Task: Your answer should be the lines below from the one holding "2020年登記科技成果來自于" through the one holding "문제는 재산 정리 마지막", copied exactly and with nothing else.

The data:
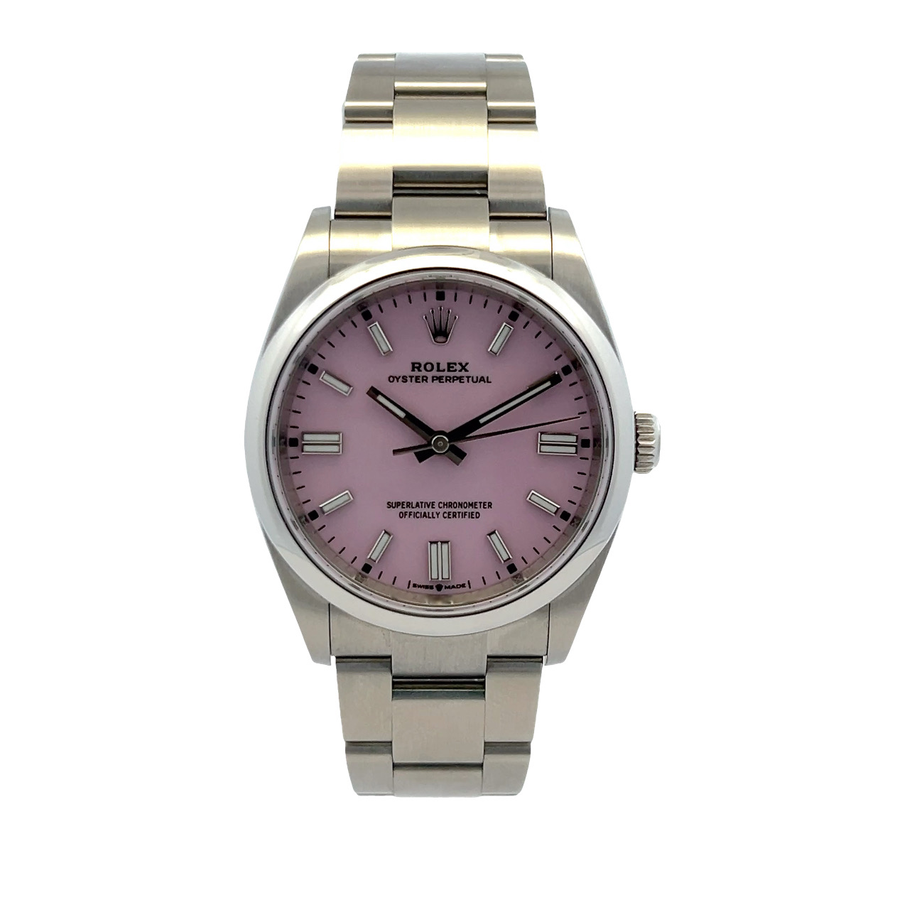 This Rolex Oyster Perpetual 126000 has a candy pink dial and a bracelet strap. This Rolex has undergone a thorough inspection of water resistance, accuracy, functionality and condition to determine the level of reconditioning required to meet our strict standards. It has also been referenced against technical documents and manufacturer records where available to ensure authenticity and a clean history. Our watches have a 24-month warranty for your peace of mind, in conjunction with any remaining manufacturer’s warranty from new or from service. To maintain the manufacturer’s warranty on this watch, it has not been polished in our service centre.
* * *
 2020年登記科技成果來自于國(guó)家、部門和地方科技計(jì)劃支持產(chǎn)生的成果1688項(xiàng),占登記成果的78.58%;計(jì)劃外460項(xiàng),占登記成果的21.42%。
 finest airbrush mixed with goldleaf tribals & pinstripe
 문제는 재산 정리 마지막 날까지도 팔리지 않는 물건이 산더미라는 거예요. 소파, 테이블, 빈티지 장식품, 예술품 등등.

Result:
 2020年登記科技成果來自于國(guó)家、部門和地方科技計(jì)劃支持產(chǎn)生的成果1688項(xiàng),占登記成果的78.58%;計(jì)劃外460項(xiàng),占登記成果的21.42%。
 finest airbrush mixed with goldleaf tribals & pinstripe
 문제는 재산 정리 마지막 날까지도 팔리지 않는 물건이 산더미라는 거예요. 소파, 테이블, 빈티지 장식품, 예술품 등등.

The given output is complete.